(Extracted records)
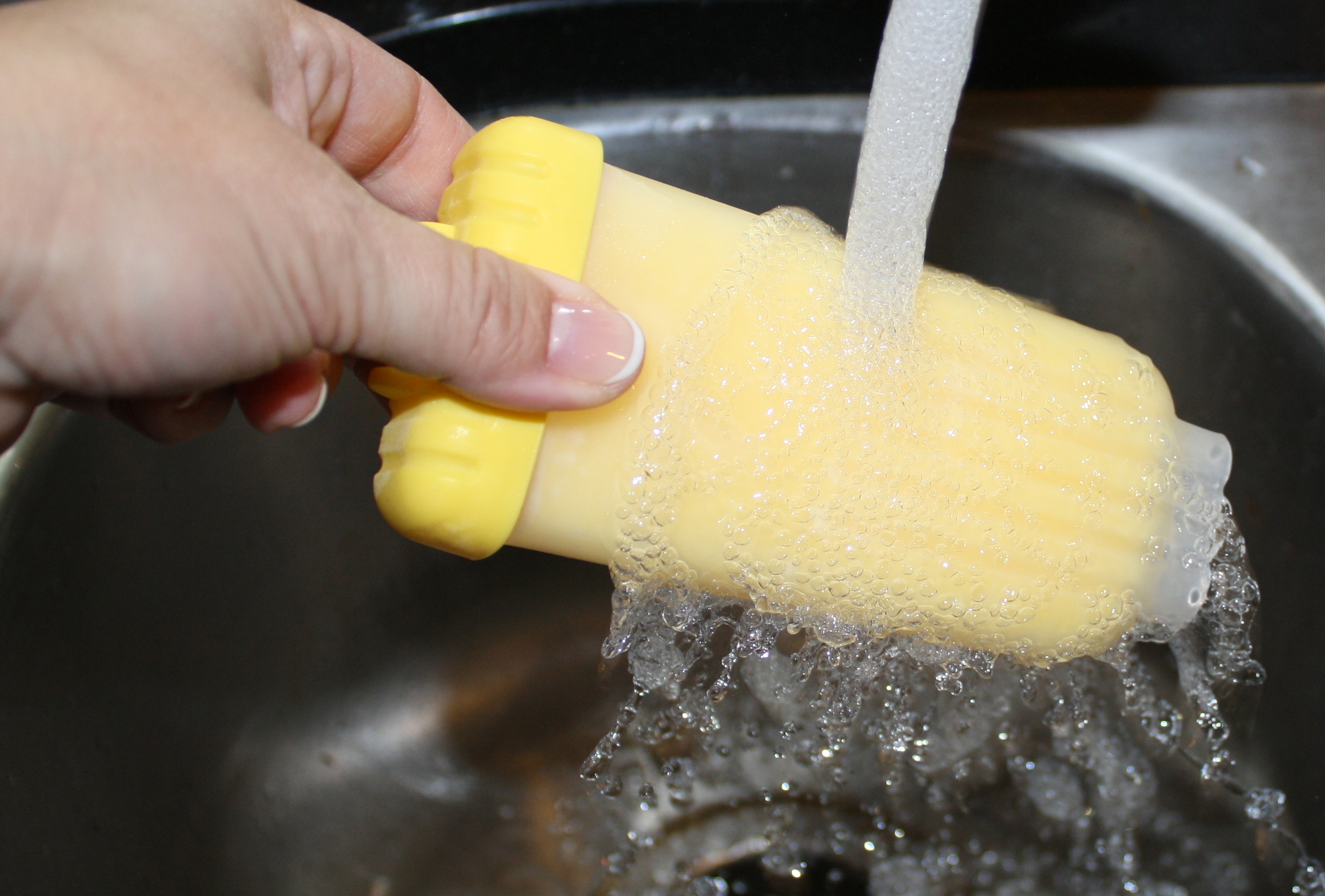 The next day, we took the pops out of the freezer and ran the molds under hot water to remove them.
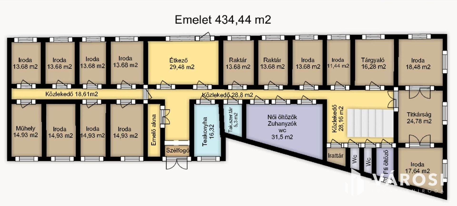 Szintenként vagy egyben is kiadó, az emeletek szeparálhatóak is szükség esetén.
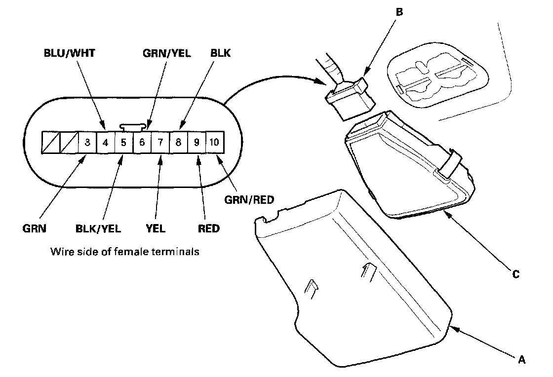 2. Disconnect the 10P connector (B) from the rain sensor/automatic wiper control unit (C).
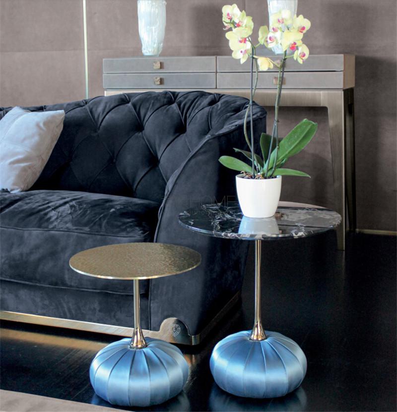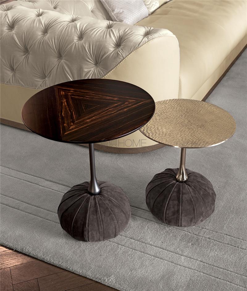 一系列展現(xiàn)講究簡約特色的圓桌,采用的精選材料使所有品項(xiàng)皆散發(fā)精致且樸實(shí)優(yōu)雅的氣質(zhì)。具備單柱金屬車削結(jié)構(gòu),圓球形底座外覆釘扣裝飾或放射打褶造型的皮料。大理石、黃銅或木材桌面,猶如漂浮在空間中。
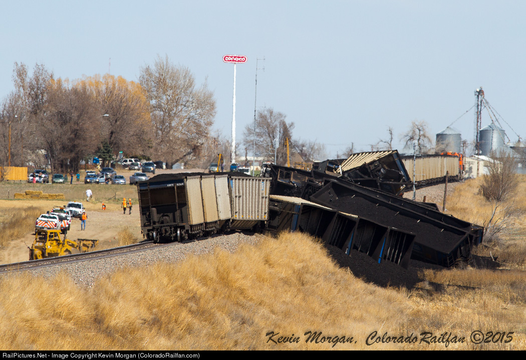 Sunday morning around 10:30am, a westbound coal load headed for Amarillo, TX derailed on BNSF's Brush Subdivision on the west side of Hudson, CO, about 30 miles northeast of Denver. Here, crews are assessing the damage to determine how best to proceed.
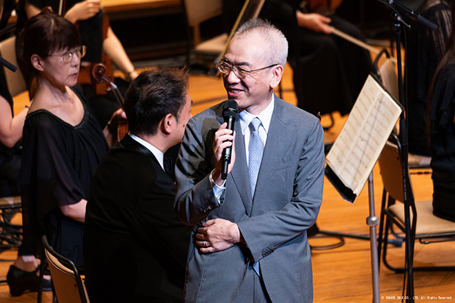 本編も残すところあと一曲となったところで、この日最大のサプライズがやってきた。司会進行の市川が、とある方からビデオメッセージが届いていると紹介すると、映像がスタート。そこに映っていたのは、シンガーソングライターの山崎まさよしだった。この日は残念ながらスケジュールが合わず、現場に駆けつけることが難しいのだが、映像で演奏に参加することを告げると、彼が歌う『ロマンシング サガ -ミンストレルソング-』のテーマ曲に、この日のためのスペシャルアレンジが施された「メヌエット -オーケストラアレンジ Ver.-」が披露された。原曲は、哀愁溢れるアコーディオンの音色が悠久の旅を想起させるものになっていたが、オーケストラの演奏によって、繊細かつ力強いものに生まれ変わっていた。詩人の服装をした山崎の歌声も熱を帯びていき、驚きと興奮に包まれたまま、本編の幕が降りた。
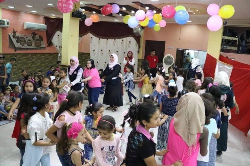 نظمت جمعية الهلال الأحمر الفلسطيني في سورية نشاطاً ترفيهياً للأطفال تحت عنوان “ابتسامتهم فرحتنا” في مخيم العائدين للاجئين الفلسطينيين بحمص.

Assignment:
Because the pictures are not wanted, retype only the text of every record, exactly as given.

Answer for the task:
 The next day, we took the pops out of the freezer and ran the molds under hot water to remove them.
 Szintenként vagy egyben is kiadó, az emeletek szeparálhatóak is szükség esetén.
 2. Disconnect the 10P connector (B) from the rain sensor/automatic wiper control unit (C).
 一系列展現(xiàn)講究簡約特色的圓桌,采用的精選材料使所有品項(xiàng)皆散發(fā)精致且樸實(shí)優(yōu)雅的氣質(zhì)。具備單柱金屬車削結(jié)構(gòu),圓球形底座外覆釘扣裝飾或放射打褶造型的皮料。大理石、黃銅或木材桌面,猶如漂浮在空間中。
 Sunday morning around 10:30am, a westbound coal load headed for Amarillo, TX derailed on BNSF's Brush Subdivision on the west side of Hudson, CO, about 30 miles northeast of Denver. Here, crews are assessing the damage to determine how best to proceed.
 本編も残すところあと一曲となったところで、この日最大のサプライズがやってきた。司会進行の市川が、とある方からビデオメッセージが届いていると紹介すると、映像がスタート。そこに映っていたのは、シンガーソングライターの山崎まさよしだった。この日は残念ながらスケジュールが合わず、現場に駆けつけることが難しいのだが、映像で演奏に参加することを告げると、彼が歌う『ロマンシング サガ -ミンストレルソング-』のテーマ曲に、この日のためのスペシャルアレンジが施された「メヌエット -オーケストラアレンジ Ver.-」が披露された。原曲は、哀愁溢れるアコーディオンの音色が悠久の旅を想起させるものになっていたが、オーケストラの演奏によって、繊細かつ力強いものに生まれ変わっていた。詩人の服装をした山崎の歌声も熱を帯びていき、驚きと興奮に包まれたまま、本編の幕が降りた。
 نظمت جمعية الهلال الأحمر الفلسطيني في سورية نشاطاً ترفيهياً للأطفال تحت عنوان “ابتسامتهم فرحتنا” في مخيم العائدين للاجئين الفلسطينيين بحمص.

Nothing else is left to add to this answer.